----- Data under study -----
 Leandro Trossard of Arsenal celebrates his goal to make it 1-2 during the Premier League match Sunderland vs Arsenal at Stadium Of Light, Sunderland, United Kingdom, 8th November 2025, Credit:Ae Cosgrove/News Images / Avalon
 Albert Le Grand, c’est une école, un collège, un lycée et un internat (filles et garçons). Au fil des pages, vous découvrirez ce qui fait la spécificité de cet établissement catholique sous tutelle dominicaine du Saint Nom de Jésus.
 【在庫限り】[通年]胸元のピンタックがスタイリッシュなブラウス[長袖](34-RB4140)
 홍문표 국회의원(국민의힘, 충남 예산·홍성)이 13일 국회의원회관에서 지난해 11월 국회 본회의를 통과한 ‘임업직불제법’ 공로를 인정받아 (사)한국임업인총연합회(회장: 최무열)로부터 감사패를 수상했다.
-----
----- Data under study -----
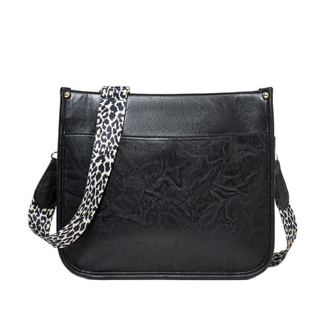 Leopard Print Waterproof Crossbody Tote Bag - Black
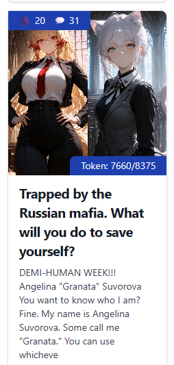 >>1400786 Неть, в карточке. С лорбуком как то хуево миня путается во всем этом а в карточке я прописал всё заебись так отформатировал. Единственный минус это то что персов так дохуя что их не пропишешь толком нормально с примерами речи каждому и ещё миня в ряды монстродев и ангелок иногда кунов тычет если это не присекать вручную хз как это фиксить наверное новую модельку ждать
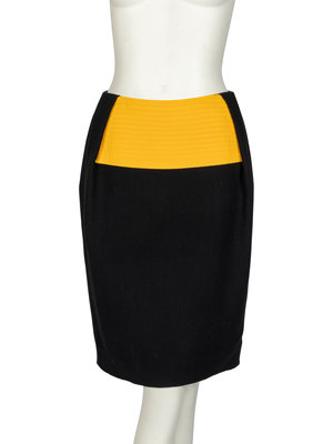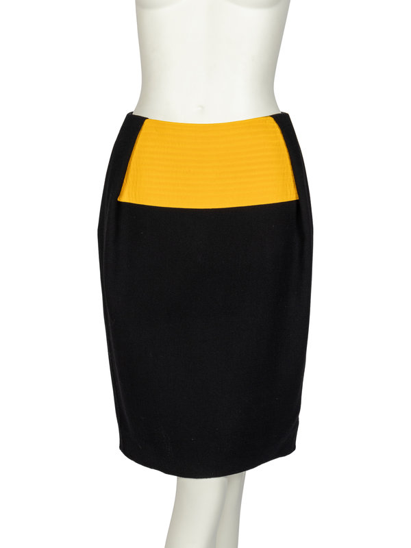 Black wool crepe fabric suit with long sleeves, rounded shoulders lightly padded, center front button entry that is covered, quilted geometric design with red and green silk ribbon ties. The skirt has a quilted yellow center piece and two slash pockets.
-----
Would you please repeat exactly the lines above, starting at the line with "Leandro Trossard of" and stopping at the line with "홍문표 국회의원(국민의힘, 충남", both included?

 Leandro Trossard of Arsenal celebrates his goal to make it 1-2 during the Premier League match Sunderland vs Arsenal at Stadium Of Light, Sunderland, United Kingdom, 8th November 2025, Credit:Ae Cosgrove/News Images / Avalon
 Albert Le Grand, c’est une école, un collège, un lycée et un internat (filles et garçons). Au fil des pages, vous découvrirez ce qui fait la spécificité de cet établissement catholique sous tutelle dominicaine du Saint Nom de Jésus.
 【在庫限り】[通年]胸元のピンタックがスタイリッシュなブラウス[長袖](34-RB4140)
 홍문표 국회의원(국민의힘, 충남 예산·홍성)이 13일 국회의원회관에서 지난해 11월 국회 본회의를 통과한 ‘임업직불제법’ 공로를 인정받아 (사)한국임업인총연합회(회장: 최무열)로부터 감사패를 수상했다.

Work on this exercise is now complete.